C9: Lines 46–80: You can illustrate the advantages and disadvantages of each mentioned method in this section using a well-designed graphical figure. This would help reduce the volume of text and enhance the article's visual appeal and quality.

R9: We have incorporated a comprehensive comparison table (Table 4) in the Discussion section that systematically evaluates the five detection methods developed in this study. This table highlights their respective advantages, limitations, and potential applications. Please see lines 424-435.

 

C10: Lines 88–96: Please cite the appropriate references in this section.

R10: Done as suggested, please see lines 57, 60, and Reference section marked in blue.

 

C11: Unavailable web address: The address https://www.moa.gov.cn/hd/zqyj/index_1.htm is not accessible. If possible, please provide a screenshot of the content used from this site and include it in the article’s supplementary file.

R11: We have changed the websites into References. Please see line 96.

 

C12: Lines 111–114: Please include references for this section. If the transgenic rice mentioned was developed by the authors, more detailed information should be provided in the article’s supplementary file. Otherwise, supporting documents—such as publications related to the development of this resistant line and other relevant data—must be properly cited in the manuscript.

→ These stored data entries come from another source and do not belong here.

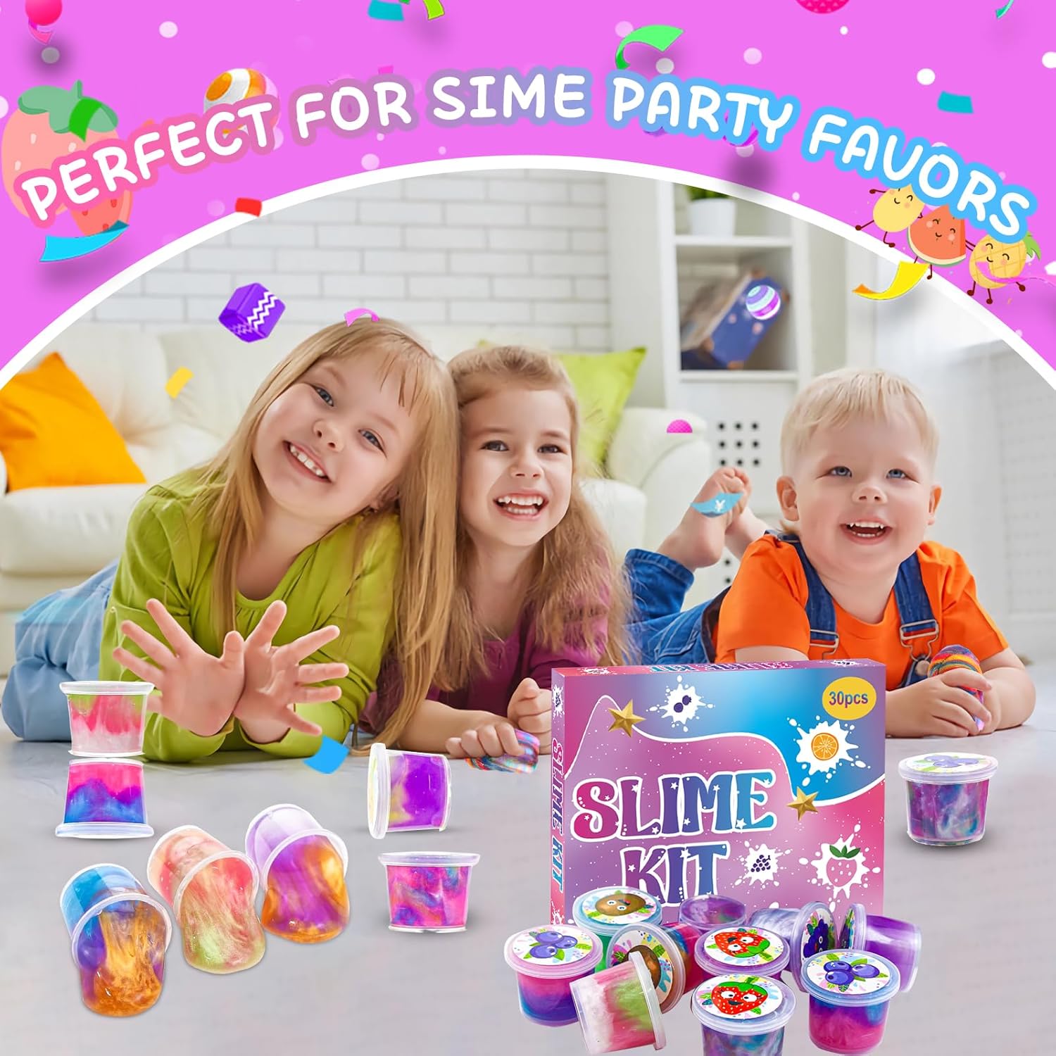 This Fruits slime making kit packed in fashion bright color box for easy storage
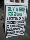 His entire family planned to buy six burger pieces at 99 cents (with all proceeds going to the Alameda County Community Food Bank) but because it was so late in the day and they were starving, they opted for eight pieces.
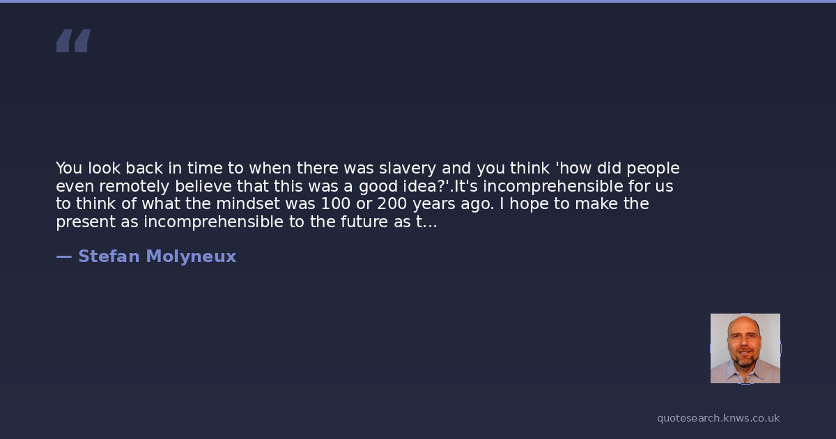 You look back in time to when there was slavery and you think 'how did people even remotely believe that this was a good idea?'.It's incomprehensible for us to think of what the mindset was 100 or 200 years ago. I hope to make the present as incomprehensible to the future as the past is to us.

R12: Done as suggested, please see line 129 marked in blue.

 

C13: Line 112: Please include the catalog number of the kit used in this section. Also, mention the catalog numbers of all other kits used throughout the study.

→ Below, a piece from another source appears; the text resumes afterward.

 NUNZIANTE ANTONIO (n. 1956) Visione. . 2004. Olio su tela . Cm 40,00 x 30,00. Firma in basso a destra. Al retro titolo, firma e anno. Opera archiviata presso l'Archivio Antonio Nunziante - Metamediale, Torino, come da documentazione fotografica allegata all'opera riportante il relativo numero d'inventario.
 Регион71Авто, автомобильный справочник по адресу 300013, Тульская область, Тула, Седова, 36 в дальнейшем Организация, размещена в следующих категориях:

R13: Done as suggested, please see lines 136, 146, 159, 172-173, 200 marked in blue.

 

C14: Please provide references for all protocols mentioned in the Materials and Methods section, especially the original articles or manuals from which the protocols were derived.

R14: Done as suggested, please see lines 129, 157, 188, 207 marked in blue.

 

C15: Figure 2: Clearly indicate the control group in the figure. The article should include either positive or negative controls to properly interpret the experimental results.

R15: Done as suggested, please see lines 130-133, 277 marked in blue.

 

C16: Line 190: The format of the cited reference in this line does not match the format of other in-text citations. Please ensure that all references follow a consistent format and that a DOI (Digital Object Identifier) is included for each cited paper.

R16: Done as suggested, please see line 207 and all of the references in References section.

 

C17: Please include a general discussion in the Discussion section about the industrial applicability of this work and its results in monitoring rice fields globally.

R17: Done as suggested, please see the Discussion section, lines 436-447 marked in blue.

 

C18: In the Discussion section, compare the limitations of the methods used in this study.

R18: Done as suggested, please see the Discussion section, lines 448-453 marked in blue.

 

C19: The conclusion section is too long and includes repetitive content from other sections of the manuscript. Please rewrite this section to concisely summarize only the key experimental findings.

R19: Done as suggested, please see the Conclusion section, lines 454-465 marked in blue.

 

C20: The references used in the article are outdated. Please use more recent and up-to-date references to support the discussion and compare the obtained results with those reported in recently published articles from scientific databases.

R20: Done as suggested, please see the References section marked in blue.

Round 2

Reviewer 2 Report

Comments and Suggestions for Authors

Table 4 should be moved from the 'Discussion' section to the 'Results' section.

Author Response

C：Table 4 should be moved from the 'Discussion' section to the 'Results' section.

R：Done as suggested, please see Lines 328-340 marked in blue.

Reviewer 3 Report

Comments and Suggestions for Authors

Dear colleagues,

I have no further comments on this paper. It can be accepted for publication in this journal. 

Best regards, 

Rasouli. H

Author Response

C：I have no further comments on this paper. It can be accepted for publication in this journal. 

R：Thank you for your review and decision. We appreciate your time and feedback.